Get it right, and the whole room goes silent; get it wrong, and I became a perpetrator of
reverse racism – yes, a real accusation I received in year 9.
Getting a race discussion “right” or “wrong” usually meant making a real, raw point that
either evoked the white guilt response of my classmates – silence and secret resent – or a
defensive reaction, completely misunderstanding and invalidating my point of view.
While I have mostly healed from the traumas of secondary school, the habits of
self-silencing and self-regulation still linger – especially in the predominantly white
spaces I navigate at university. I find myself restraining my reactions, striving not to
seem “uppity” in tutorials and everyday encounters.
One moment stands out: a white teaching assistant casually referred to Black individuals as
“Blacks”, a monolithic and dehumanising term, and made a dicey comment about our skin. I’ve
blocked out the specifics, but I distinctly remember searching around the room as their
words hung in the air, searching for confirmation from my peers – did they hear that, too?
Yet, I hesitated to challenge it. I didn’t want to make a scene or be labelled “uppity”.
More than anything, I didn’t want to get it wrong.
Those of us from marginalised communities are faced with a unique pressure to be a beacon of
knowledge on all things race, tip toeing around the minefield of white fragility and the
risk of being negatively labelled. Truthfully, all I wanted to do in the moment was go home
and lose myself in “Funniest jokes on Mock the Week” compilations on YouTube.
Whenever I’m expected to speak up, be it an expectation implicitly or explicitly set by
those around me, I must evaluate if it is truly worth the silence, accusations, labelling or
heavy mental toll. I call this process social expectation regulation: the exhausting
negotiation required to moderate or self-regulate my voice and behaviour and reconcile
social expectations based on ingrained, societal racism.
When intersectionality comes into play, the burden only intensifies. Familiar stereotypes
rear their heads: “the angry Black woman”, or “the Black mammy”. These tropes often inhibit
Black women from speaking out, caricaturing us as irrational and emotional. We are forced to
perform the emotional labour of managing white discomfort to “keep the peace”.
A more recent example occurred when a relative of mine shared an out-of-context video of
Charlie Kirk, describing him as a compassionate man who only wanted to spark debate. Heinous
claim aside, the irony wasn’t lost on me: Charlie Kirk’s words routinely left Black women,
especially academics, on the receiving end of harassment, online mobs, and, in some cases,
outright threats to their safety.

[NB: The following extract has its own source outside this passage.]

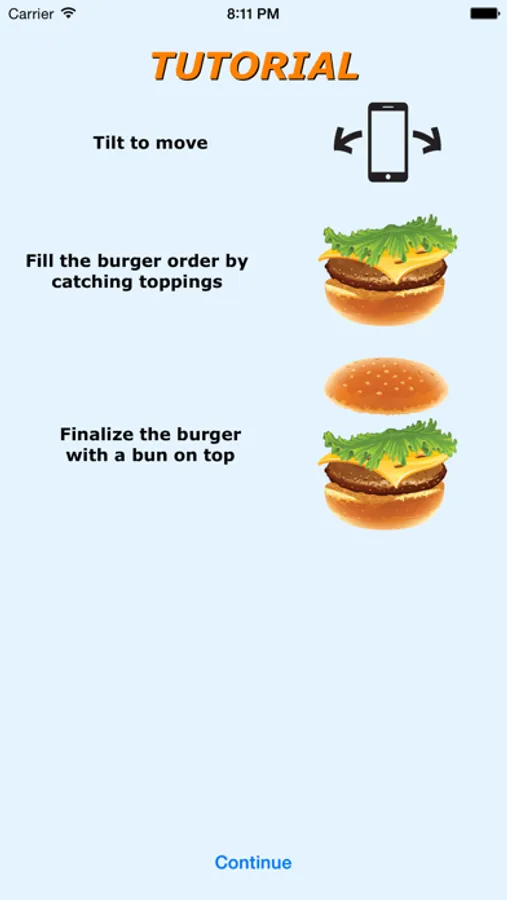 Kids learn hand-eye coordination by tilting the device to move the burger. Tilt sensitivity can be adjusted for all skill-levels.

Yet, even in that moment, I found myself
hesitating.
Having an opinion as a Black woman – especially in academic spaces or the backwash of
Instagram DMs – requires a kind of emotional acrobatics I am often too mentally fatigued to
engage with. I questioned whether speaking openly about Kirk’s history of political violence
would brand me the “angry” or “sensitive” Black girl all over again. Would my experiences be
dismissed as an overreaction by a straight, middle-class white man, his voice carrying the
weight of “neutral objectivity” while mine risked sounding like grievance?
I could scream and shout about racism – like the middle-class, white men who hold so much
power in the media – but individuals like my relative aren’t listening to understand,
they’re listening to respond. Being a Black woman in such a situation means knowing your
words do not just fall on deaf ears but bounce off reinforced walls. This fear of being
ignored or even creating a scene mean that we engage in social expectation
regulation.
What is the cost to speak up, knowing you’ll be perceived through stereotypes rather than
heard as a full person? Too often, the price is silence. And yet, I’m left wondering: who
really benefits when Black women swallow the truth, and why should any of us accept less
than our full voices in the spaces we inhabit?
There is obviously a lot of unlearning to do, but as a young Black woman striving for a
lengthy and fulfilling career in academic activism, I am choosing to speak up and advocate
for myself and the voices of other marginalised communities.
If you’re a Black woman in academia, or member of any marginalised community for that
matter, trust in your expertise and recognise that each time you speak up, you push academic
spaces towards genuine inclusion and deeper understanding.